И понять это, увы, когда уже ничего нельзя исправить. Стоя у карты города, где чужие крики о помощи стали фоном ее собственного, запоздалого раскаяния. А ее ребенок растет там, за стеклом этой карты, в том самом доме с панорамными окнами, где когда-то могла бы жить она. Рядом с женщиной с идеальной прической, от которой пахнет не порохом и остывшим кофе, а дорогим, удушающим парфюмом. Женщиной, которая не путает дни его школьных спектаклей и не вздрагивает от звонка телефона. И которую он теперь называл своей матерью.

Смирение с реальностью медленно, но верно начало проникать в ее сознание только сейчас.
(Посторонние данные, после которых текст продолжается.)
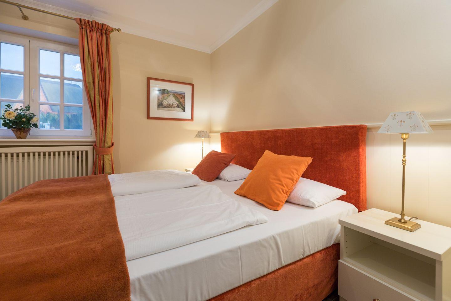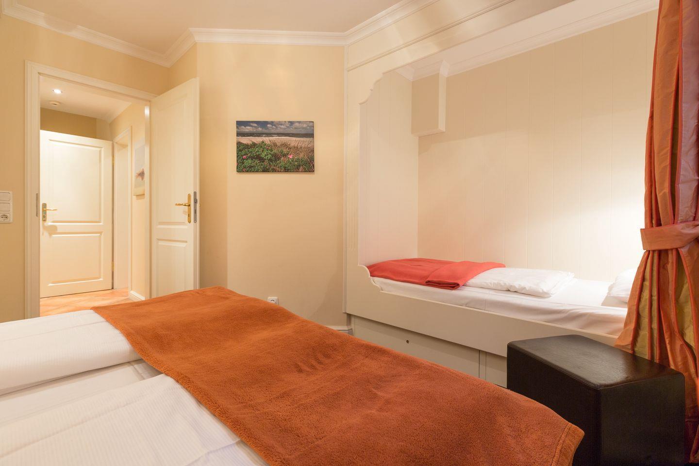 Im Untergeschoss der Wohnung befinden sich zwei gemütliche Räume mit jeweils einem Doppelbett. In einem der Räume finden Sie außerdem ein weiteres Einzel-Kojenbett, in dem sich vor allem ein Kind sicherlich wohlfühlen wird. Auf gleicher Ebene bietet Ihnen das Domizil ein Wohlfühlbadezimmer mit Sauna, Dusche und WC sowie ein weiteres Badezimmer mit Badewanne, Dusche und WC.

Не раньше, не в день развода, не когда она сдавала значок, не когда слышала в трубке робкое «Здравствуйте, это кто?» от сына.

Только теперь. После того, как она встретилась лицом к лицу с чужой жизнью, которая, возможно, могла когда-то стать ее реальностью. А возможно, и нет. Возможно, Дэвид все равно ушел бы, возможно, Майкл все равно отвернулся бы. Возможно, ее карьера все равно бы рухнула, пусть и по другим причинам.

Само понятие «возможно» – довольно скользкое и неустойчивое. Оно не дает ответов, лишь множит вопросы. Но в этой хрупкости она наконец разглядела не проклятие, а освобождение. Не было единственно верного пути, который она проморгала. Была лишь череда выборов, сделанных той, кем она была тогда. Уставшей, напуганной, жаждущей признания женщиной.

И теперь, глядя на карту, испещренную огнями чужих трагедий и надежд, она поняла: ее жизнь – не ошибка. Это просто жизнь. Со всеми шрамами, потерями и вот этим тихим, одиноким постом.

Возможно, счастье – это не вернуться назад и все исправить. А принять тяжесть этого «сейчас». Принять то, что ее сын счастлив с другой женщиной. Принять то, что ее служба теперь – это ровный голос в трубке, способный стать якорем для тонущего. Принять. И сделать следующий вдох.